The cross-load diagram looks good overall but the +12V voltage sags 3-4% below the nominal value under load. That’s quite a lot. A top-end graphics card may prove sensitive to such sagging even though it remains within the allowable 5% limit. On the other hand, I don’t think anyone will use a junior model of an inexpensive PSU to power up a top-performance graphics card. The +5V voltage bottoms out under high loads as well, yet that’s not critical since there just can’t be a high load on the +5V rail in a modern PC.
The diagrams for the 350W and 400W models are almost the same. It is only at greatly misbalanced loads that the voltages violate the allowable limits, but the +12V and +5V voltages sag when the respective power rail is under high load.
The output voltage ripple is similar between the PSUs, so the diagram above is for the senior model at its full load of 400W. The ripple is within the norm, twice lower than the permissible limit on every power rail.
The PSUs are equipped with identical fans (ARX FD1212-S3112E) and have identical noise characteristics as the consequence. By the way, that’s another refutation of the myth that a higher-wattage PSU is always quieter than a lower-wattage one.
The fan is working at a constant speed at loads below 200W and then accelerates in a linear manner. The PSUs are average in terms of noisiness. The initial speed of the fan is rather low (yet it is lower by some 200rpm in the really quiet PSUs) but, unfortunately, ARX fans are rarely good quality. You often get a sample with noisy bearings or an imprecisely balanced impeller.

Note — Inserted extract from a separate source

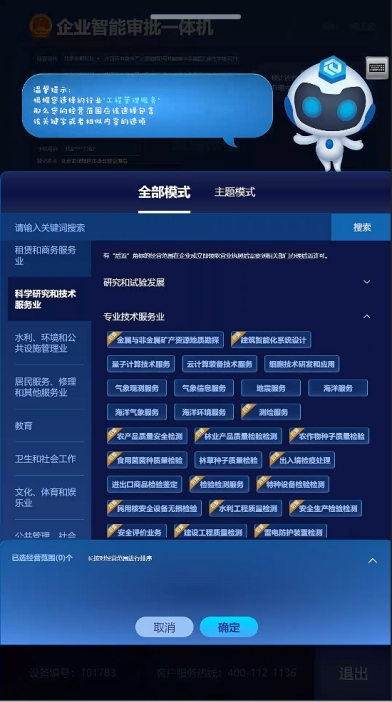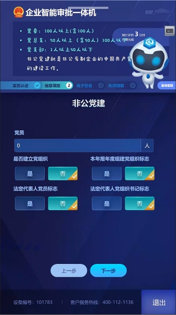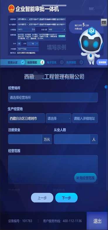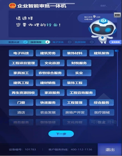 1.選擇開辦的企業(yè)類型,申請人根據(jù)自己需要開辦的行業(yè)類型進行選擇并點擊相應(yīng)的模塊,確定后點擊“下一步”進入信息識別頁面。

The PSUs have an efficiency of slightly over 80% at the maximum, but the average efficiency is good, especially for inexpensive entry-level PSUs. The power factor is a little over 0.65 as you can expect from PSUs without power factor correction.
So, InWin has begun a mass production of power supplies that comply with today’s requirements such as the ATX 12V 2.0 standard, a modern circuit design including a specialized PWM controller in the standby source, an acceptable selection of cables and connectors. Still, these PSUs are rather meant for mainstream and entry-level PC systems. They are not exceptional in terms of electrical parameters or noise level, but can do quite well in an office PC or in a home PC of an undemanding user especially as they sell not only individually but also in InWin system cases, which have an appealing price/quality ratio.